Госпиталь - Михаил Елизаров
Шрифт:
Интервал:
Закладка:
– Дядя Адик, а что такое фюрер? – успевает спросить Марек.
– Мои соратники называют меня проводником или фюрером, потому что я провожаю людей в счастье, – задыхаясь от бега, говорит дядя Адик.
– Можно я тоже буду звать тебя фюрером?!
– Это слишком официально, дружок. Для тебя я всегда останусь дядей Адиком.
Доносится гул летящей бомбы. Мгновение – и небесный грохот врезается в кирпичное тело Жаркой Эльзы. Башня переламывается, верхушка ее оседает, разваливаясь.
– Сволочи! – грозит дядя Адик самолетам. – Не троньте Эльзу!
Офицер СС лежит, придавленный кирпичными обломками.

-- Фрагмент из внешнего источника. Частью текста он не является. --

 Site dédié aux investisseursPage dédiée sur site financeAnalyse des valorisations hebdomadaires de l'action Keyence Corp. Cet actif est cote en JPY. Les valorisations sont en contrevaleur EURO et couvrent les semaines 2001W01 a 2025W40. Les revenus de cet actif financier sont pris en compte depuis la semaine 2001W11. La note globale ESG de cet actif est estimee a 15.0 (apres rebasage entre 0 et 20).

– Бедный Мартин! – вскрикивает дядя Адик. Он осторожно ставит Марека на землю и бросается к поверженному товарищу. Вдвоем с Мареком они пытаются освободить Мартина из-под обломков Эльзы.

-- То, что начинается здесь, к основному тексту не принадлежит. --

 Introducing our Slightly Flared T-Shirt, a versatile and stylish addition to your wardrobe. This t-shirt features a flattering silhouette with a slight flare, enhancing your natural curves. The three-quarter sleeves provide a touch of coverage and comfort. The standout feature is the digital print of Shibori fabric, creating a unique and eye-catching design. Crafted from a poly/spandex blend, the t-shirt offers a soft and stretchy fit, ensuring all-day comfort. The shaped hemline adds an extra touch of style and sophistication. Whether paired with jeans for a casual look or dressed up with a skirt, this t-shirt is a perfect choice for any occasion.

– Мой фюрер, уходите и уносите мальчика, – шепчет офицер. – Все пропало, вход в город разрушен, – голос его дрожит.
– Нет, Мартин, это только труба пострадала, сама печь еще в порядке.
Ведро с золотистой водой опрокинуто и сплющено.
– Увы, Марек, я не могу стереть твой номер, полезай в печь так, – дядя Адик целует Марека в лоб.
Сзади подступают голоса, дикая оратория матерщины, воплей «Ура!» и «За Родину! За Сталина!». Багряные сполохи взрывов выхватывают из темноты колонны солдат.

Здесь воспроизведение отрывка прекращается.